The last log has mapped the comparator, so that's one thing left on the list.
The remaining circuits are inventoried.
- The adder : I'll use dumb RTL style since I'm not yet operational with Jerem's Logilib. No time to dig further, it will work.
- The DFF: there are three cases.
- X and T are initialised with INIT_X, have feedback/enable
- Y and B are initialised with INIT_Y, have feedback/enable
- A is not initialised, has feedback/enable
- There are muxes, to select the operands during each phase.
- OPM is a basic mux2 done by mux2_x18() (for both sides)
- OPX, OPY2 and OPT are muxed with a constant ADJUST.
- OPB2 is muxed with the modulus and B is inverted.
That's 2 circuits to create here, one just forces the constant, the other also inverts the operand. Here again the PDK does a great job. See the simulations :
![]()
So that's 2 modules to write using only these gates: ConstAdjOrPass() and ConstModOrNeg().

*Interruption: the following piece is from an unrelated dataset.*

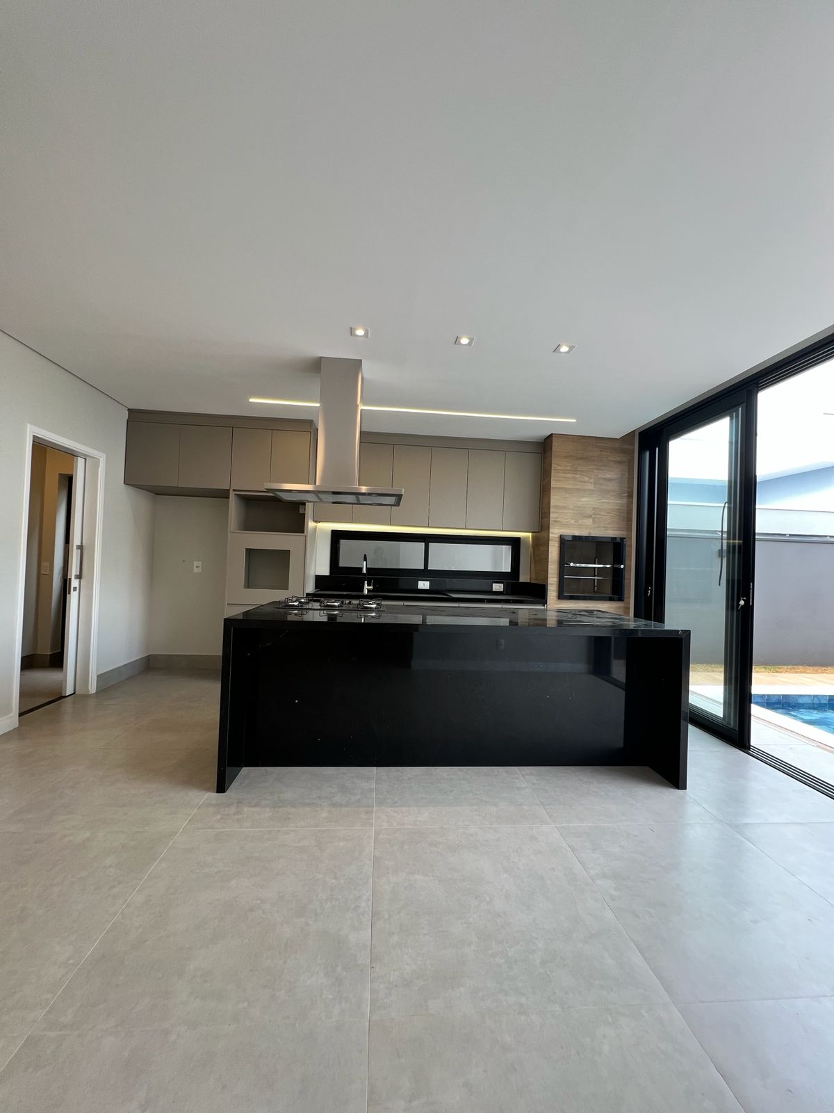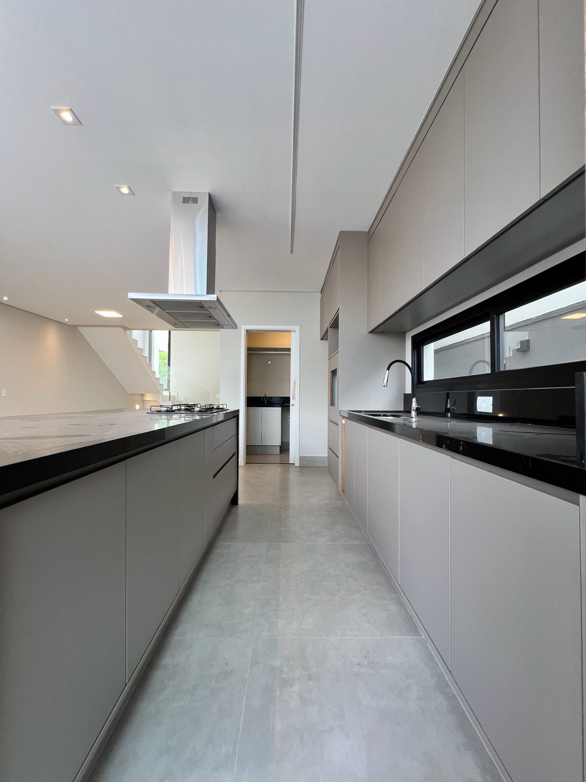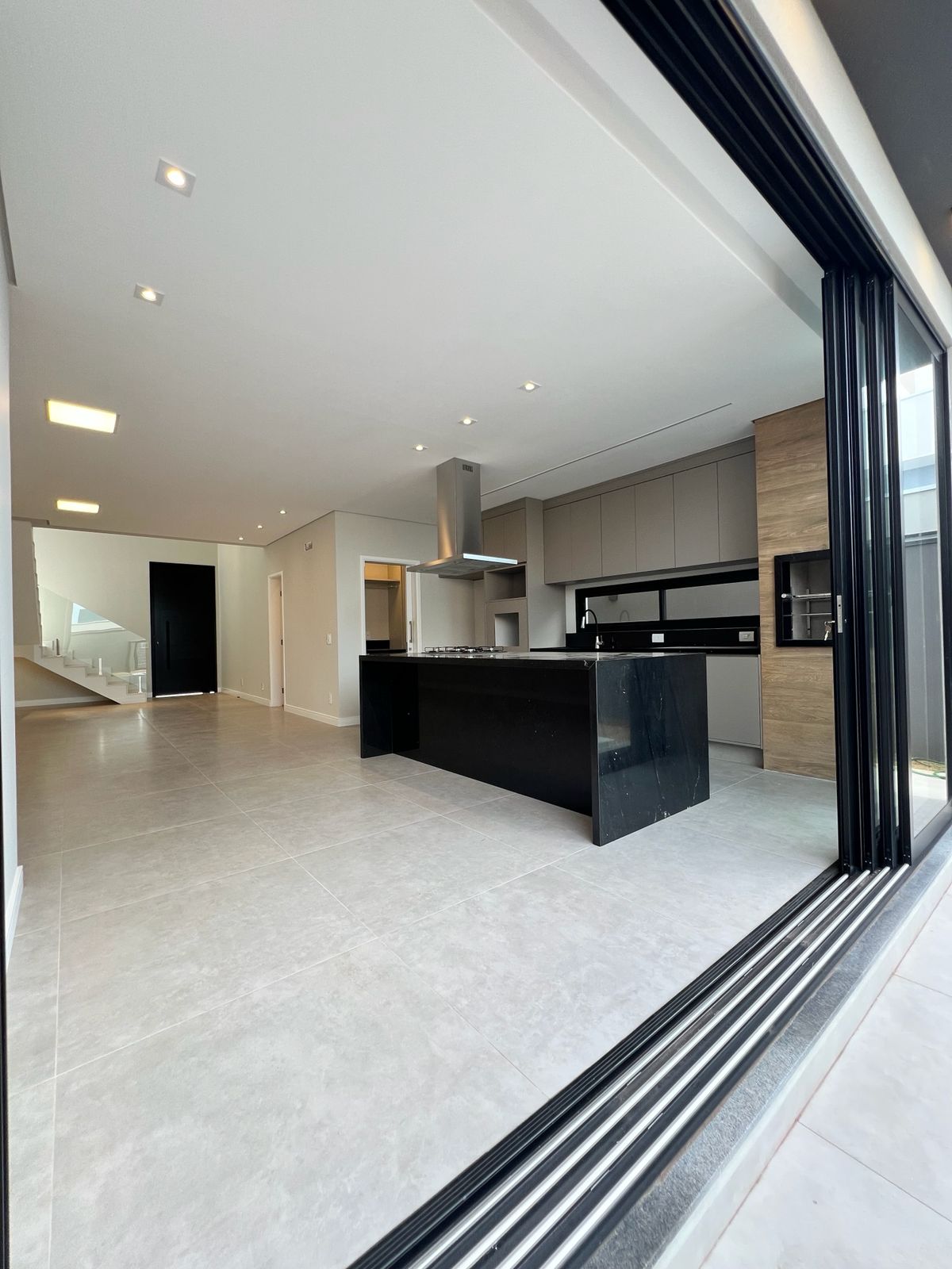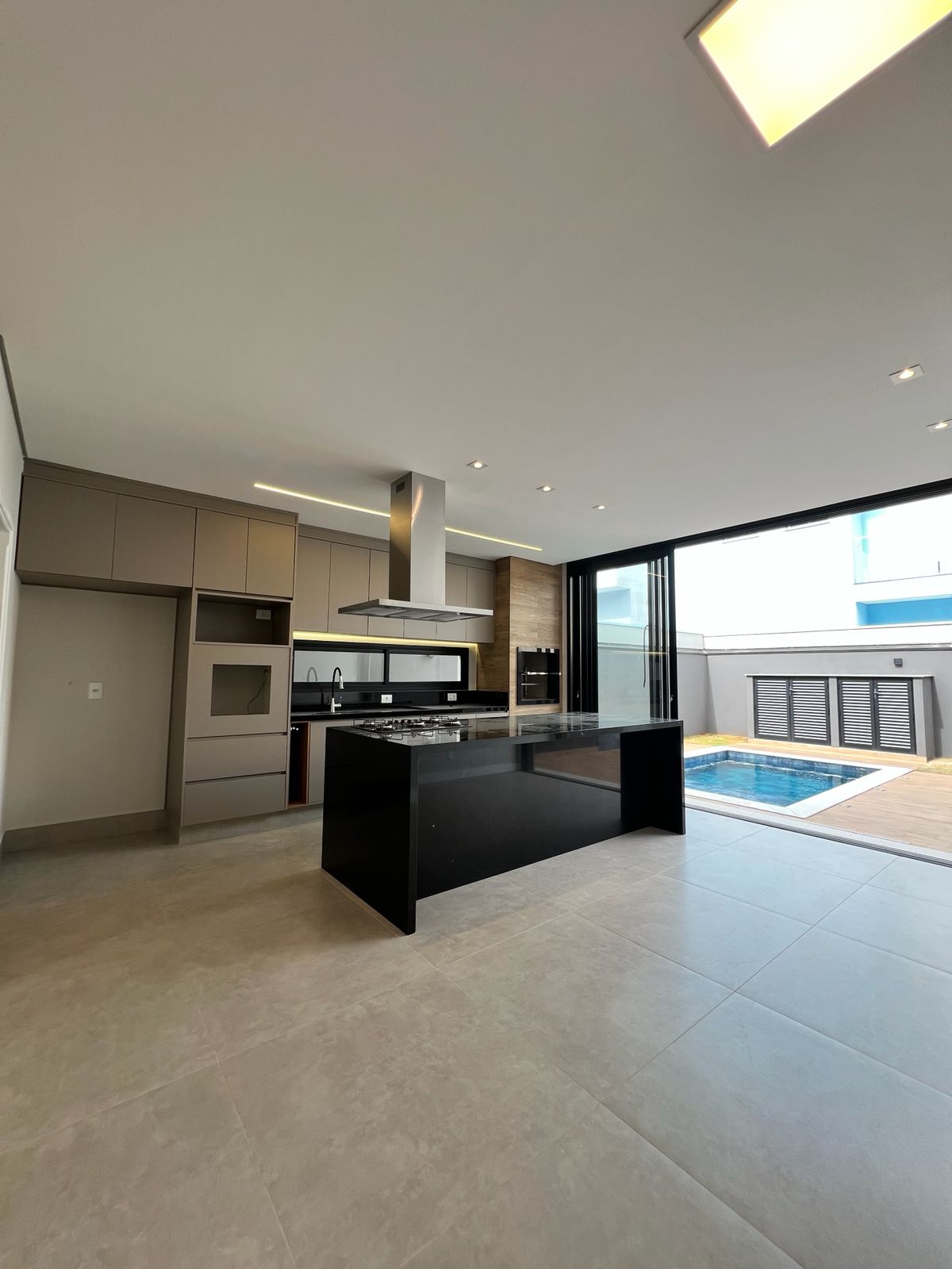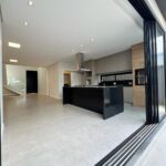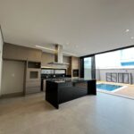No piso inferior, a cozinha integrada se conecta aos espaços sociais, criando um ambiente moderno e acolhedor. As persianas automatizadas trazem tecnologia e conforto ao dia a dia.

And that's about it for the bulk of the datapath.
-
Number comparison with the iHP PDK
03/21/2026 at 01:28 • 0 commentsIt didn't go as planned.
The comparator doesn't use NAND/NOR because it actually makes it larger and/or bigger, and what matters is the critical path along the cascade. Fortunately there is A21OI that helps !
![]()
.
-
Testing the Hammer
03/10/2026 at 04:18 • 0 commentsI have a first functional circuit in ASIC and I must write the Python code that tests the sea-of-xor.
There are 19 key values to test: 0 and the 18 single-bit-at-1 configurations.
Then throw a few "random" values for good measure, since the rest should be a linear combination of all the 18 single-bit cases, right ? And the all-ones case of course.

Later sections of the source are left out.